§ **Prompt**:
Among the entries below, only the lines from the one with "荣获2019-2020年度中国水泥质量十强" through the one with "SaaS赛道众多,各细分市场" are wanted, reproduced exactly. Pictures are not wanted.

§ **Listed records**:
======
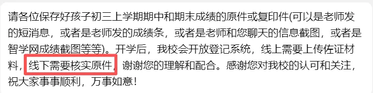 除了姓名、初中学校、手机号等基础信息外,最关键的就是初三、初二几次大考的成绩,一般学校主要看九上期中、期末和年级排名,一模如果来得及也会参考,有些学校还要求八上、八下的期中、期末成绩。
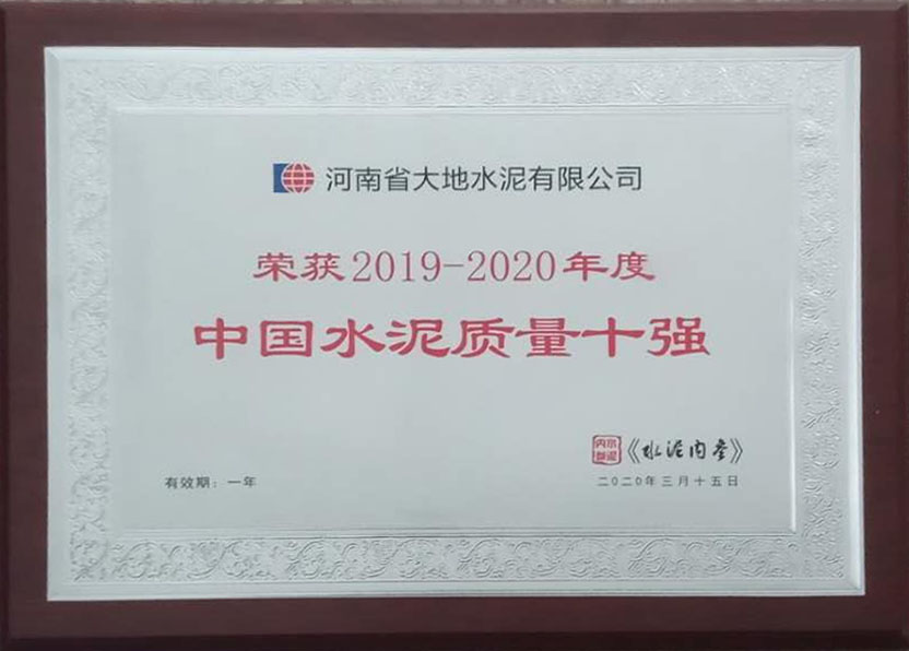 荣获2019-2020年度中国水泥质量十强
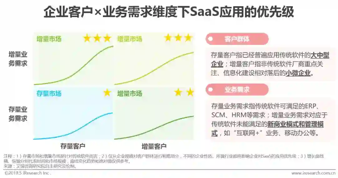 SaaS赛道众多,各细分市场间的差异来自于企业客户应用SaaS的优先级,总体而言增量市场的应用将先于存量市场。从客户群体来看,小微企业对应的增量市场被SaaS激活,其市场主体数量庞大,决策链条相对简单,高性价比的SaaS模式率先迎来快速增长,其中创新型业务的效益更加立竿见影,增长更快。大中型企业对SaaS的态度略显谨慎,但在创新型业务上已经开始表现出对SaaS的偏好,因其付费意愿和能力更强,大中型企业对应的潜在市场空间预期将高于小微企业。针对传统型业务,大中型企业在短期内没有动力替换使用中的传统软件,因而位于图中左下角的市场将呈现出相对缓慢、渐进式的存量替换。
======
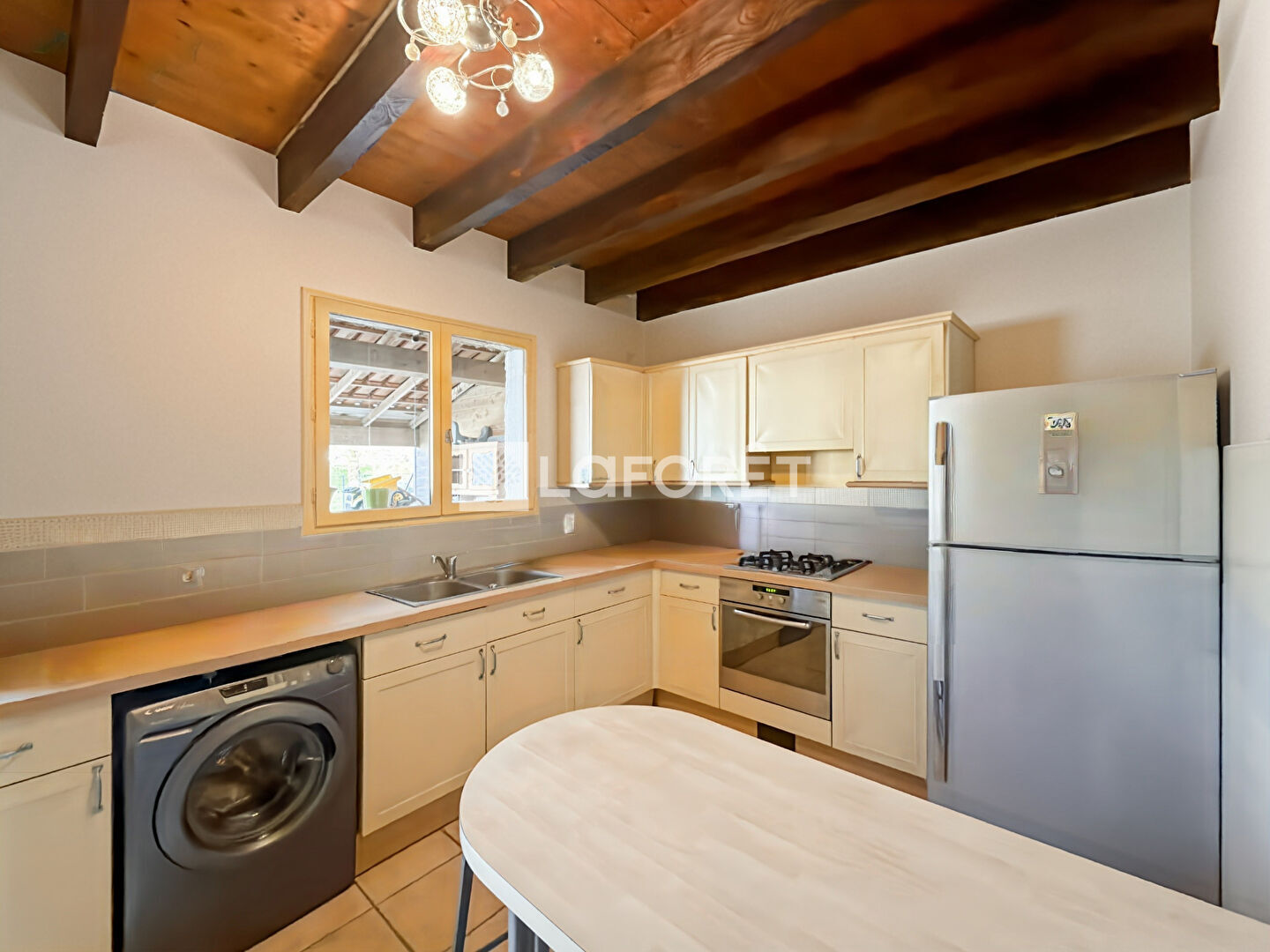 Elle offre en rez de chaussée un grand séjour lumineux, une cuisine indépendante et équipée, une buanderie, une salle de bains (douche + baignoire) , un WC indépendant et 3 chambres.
======
§ **Answer space**:
 荣获2019-2020年度中国水泥质量十强
 SaaS赛道众多,各细分市场间的差异来自于企业客户应用SaaS的优先级,总体而言增量市场的应用将先于存量市场。从客户群体来看,小微企业对应的增量市场被SaaS激活,其市场主体数量庞大,决策链条相对简单,高性价比的SaaS模式率先迎来快速增长,其中创新型业务的效益更加立竿见影,增长更快。大中型企业对SaaS的态度略显谨慎,但在创新型业务上已经开始表现出对SaaS的偏好,因其付费意愿和能力更强,大中型企业对应的潜在市场空间预期将高于小微企业。针对传统型业务,大中型企业在短期内没有动力替换使用中的传统软件,因而位于图中左下角的市场将呈现出相对缓慢、渐进式的存量替换。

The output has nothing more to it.